Obfuscated binary with anti debugging tricks: Non-conditional jump instructions throw off the debugger. This are basically partial commands. Furthermore, the binary relies heavily on return-oriented programming. It directly creates the required parameters on the stack.
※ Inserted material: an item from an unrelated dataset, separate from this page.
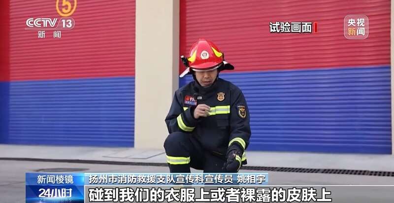 扬州市消防救援支队宣传科宣传员姚相宇:现在温度是649℃,可以说这样的温度非常高,如果说这样高的温度碰到我们的衣服上或者裸露的皮肤上,可以说是非常危险。

We can identify the relevant commands and their respective values via pydbg.

0x401aee XOR
0x401b14 ROL
0x401b16 MOV
0x401B37 CMPXCHG

With pydbg we can attach a breakpoint at the relevant positions. The following function will log all relevant register values.

def myhandler1(dbg):
    if dbg.exception_address == 0x00401AEE:
        ah = dbg.get_register('AH')
        al = dbg.get_register('AL')
    elif dbg.exception_address == 0x00401B14:
        al = dbg.get_register('AL')
        cl = dbg.get_register('CL')
    elif dbg.exception_address == 0x00401B16:
        esp = dbg.get_register('ESP')
        ebx = dbg.get_register('EBX')
        ss = ESP+EBX+0x2C
        ebx2 = dbg.read_process_memory(ss,4)
        disasm    = dbg.disasm(dbg.exception_address)
        print "%08x: %s" % (dbg.exception_address, disasm)

We can grep the register values from the log file. Subsequently, let’s reverse engineer the encryption.

# Rotate left: 0b1001 --> 0b0011
rol = lambda val, r_bits, max_bits: \
    (val << r_bits%max_bits) & (2**max_bits-1) | \
    ((val & (2**max_bits-1)) >> (max_bits-(r_bits%max_bits)))

# Rotate right: 0b1001 --> 0b1100
ror = lambda val, r_bits, max_bits: \
    ((val & (2**max_bits-1)) >> r_bits%max_bits) | \
    (val << (max_bits-(r_bits%max_bits)) & (2**max_bits-1))

xor = [0x46L,0x15L,0xf4L,0xbdL,0xffL,0x4cL,0xefL,0x46L,0xebL,0xe6L,0xb2L,0xebL,0xf1L,0xc4L,0x34L,0x67L,0x39L,0xb5L,0x8eL,0xefL,0x40L,0x1bL,0x74L,0xdL,0x60L,0x26L,0x45L,0xa8L,0x4aL,0x96L,0xc9L,0x65L,0xe2L,0x32L,0x60L,0x64L,0x8cL,0x65L,0xe3L,0x8eL,0x9fL]
rol = [0x56L,0xf5L,0xacL,0x1bL,0xb5L,0x93L,0x7eL,0xb8L,0x23L,0xdaL,0xaL,0xf2L,0x1L,0x61L,0x5cL,0xc8L,0x4cL,0xd6L,0x16L,0x55L,0x67L,0xb8L,0xc1L,0xf8L,0xbcL,0x11L,0xfaL,0x9bL,0x6bL,0xf9L,0xd4L,0x75L,0x87L,0xcaL,0xceL,0xbeL,0x4eL,0x6eL,0xf1L,0xb9L,0x6eL]
cmpxchg = [0xc3f44e06,0xccb880f0,0xbac2ccb8,0x4e0642bc,0xf25d5630,0xeb165a6b,0x275dc3f4,0x19535366,0xc6c30e8e,0x42bcf25d,0x0642bcf2,0x165a6bc6,0x5d56302e,0x535366d2,0x55dc01e1,0x0e8e275d,0x66d2f903,0xf44e0642,0xf99a5055,0x302e1953,0x9a5055dc,0x77f99a50,0x56302e19,0x6bc6c30e,0xf04877f9,0x8e275dc3,0xdc01e1eb,0x2e195353,0x5055dc01,0xe1eb165a,0x5a6bc6c3,0x80f04877,0x4877f99a,0x5dc3f44e,0x5366d2f9,0xc2ccb880,0xb880f048,0xd2f903cf,0x01e1eb16,0xc30e8e27,0xbcf25d56]

out = ""
cnt = 0
while cnt < len(xor):
    z = cmpxchg[cnt] >> 24
    x = ror(z, rol[cnt],8)
    y = x ^ xor[cnt]

    out += chr(y)
    cnt += 1




Challenge 10


This time we have got a super complex device driver. Finding the ioctls was quite simple in the disassembly.

22E068  jumptable 0029CD91 case 100
22E108  jumptable 0029CD91 case 260
22E164  jumptable 0029CD91 case 352

At the end of the complex function tree, is a simple TEA implementation. The input for the function is a buffer location. Each brach in the function sets one character in this buffer. Without WinDBG the best option is to parse all the relevant memory operations. This can be done statically with pydbg. With multiple potential values for each byte, the buffer still had to be decrypted. This I could not figure out in time.